В книгу входит также роман «Третье измерение» — об экипаже атомной подводной лодки.
ТРЕТЬЕ ИЗМЕРЕНИЕ
1
То, что было в радиограмме, знали пока лишь они двое: командир и радист, — но Букреев, достаточно проплавав на своем веку, прекрасно понимал, что уже через минуту-другую об этом станет известно всему экипажу, хотя ни он, ни радист никому еще не успеют и слова сказать. Видимо, на четвертой неделе плавания что-то меняется даже в физических законах, если весть, подобная этой, совершенно непостижимыми путями, минуя корабельную трансляцию и испытанные на прочность стальные переборки, просачивается во все отсеки.
Букреев отпустил радиста, и тот, избегая вопрошающих взглядов, удалился в свою рубку. Мог бы и подмигнуть им, подумал Букреев.
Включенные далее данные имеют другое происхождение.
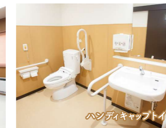
ハンディキャップトイレ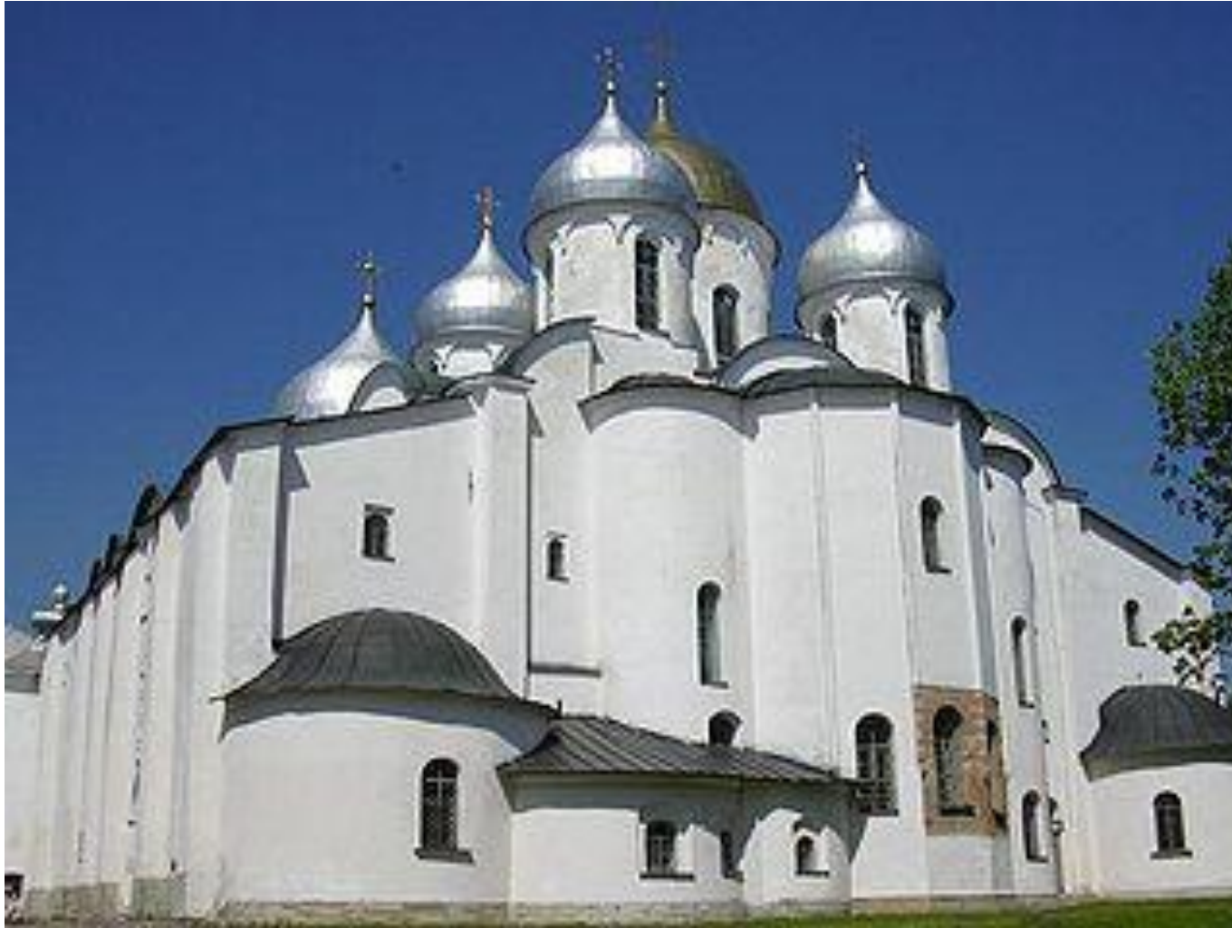
Собор Святой Софии в Новгороде Великом. 11в.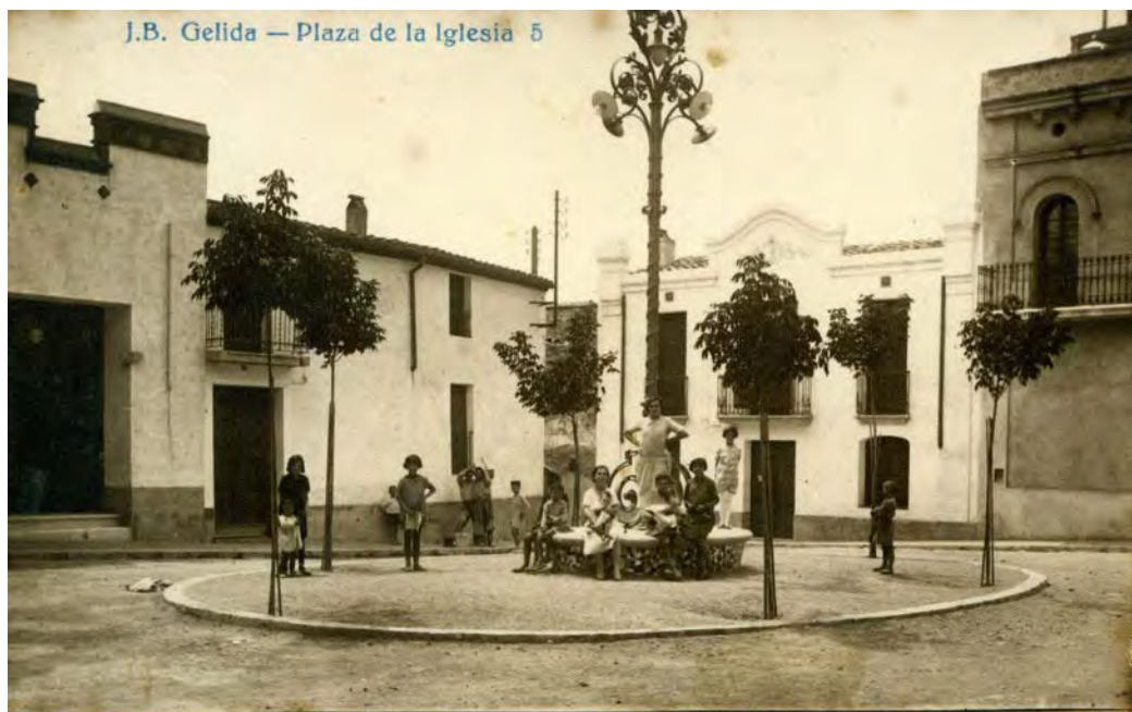
La plaça als voltants de 1930. Cal Maco.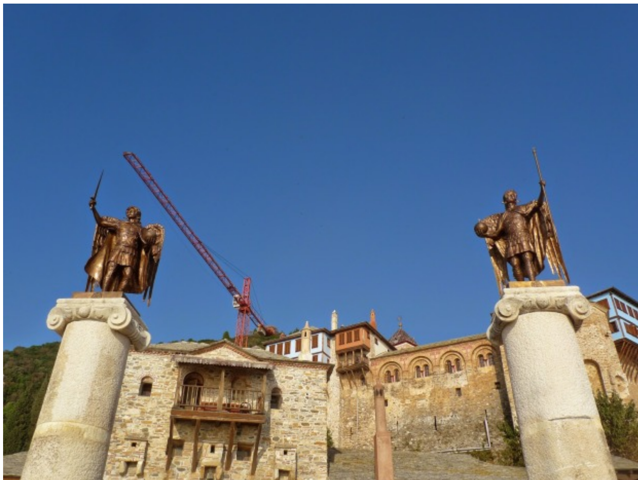
Αρχάγγελοι στην Ιερά Μονή Δοχειαρίου

Βέβαιο είναι πάντως ότι είμαι αναρμόδιος για να γράψω πνευματικά κείμενα και τώρα δεν νιώθω ότι μπορώ ν'αναλύσω αυτά τα έργα περισσότερο.

Они бы поняли. Нет, сразу заважничал... С таким выражением своей значительности ходил обычно по лодке их минер после удачного торпедного залпа, как будто на всем флоте только у него одного и выходили торпеды из аппаратов...
Все-таки приятно было чуть упредить догадку своего экипажа — люди это заслужили. И Букреев, потянувшись в кресле, очень буднично сказал:
— Ну что ж, старпом...
— Ясно, товарищ командир, — заулыбался Варламов. — Разрешите командовать на руль?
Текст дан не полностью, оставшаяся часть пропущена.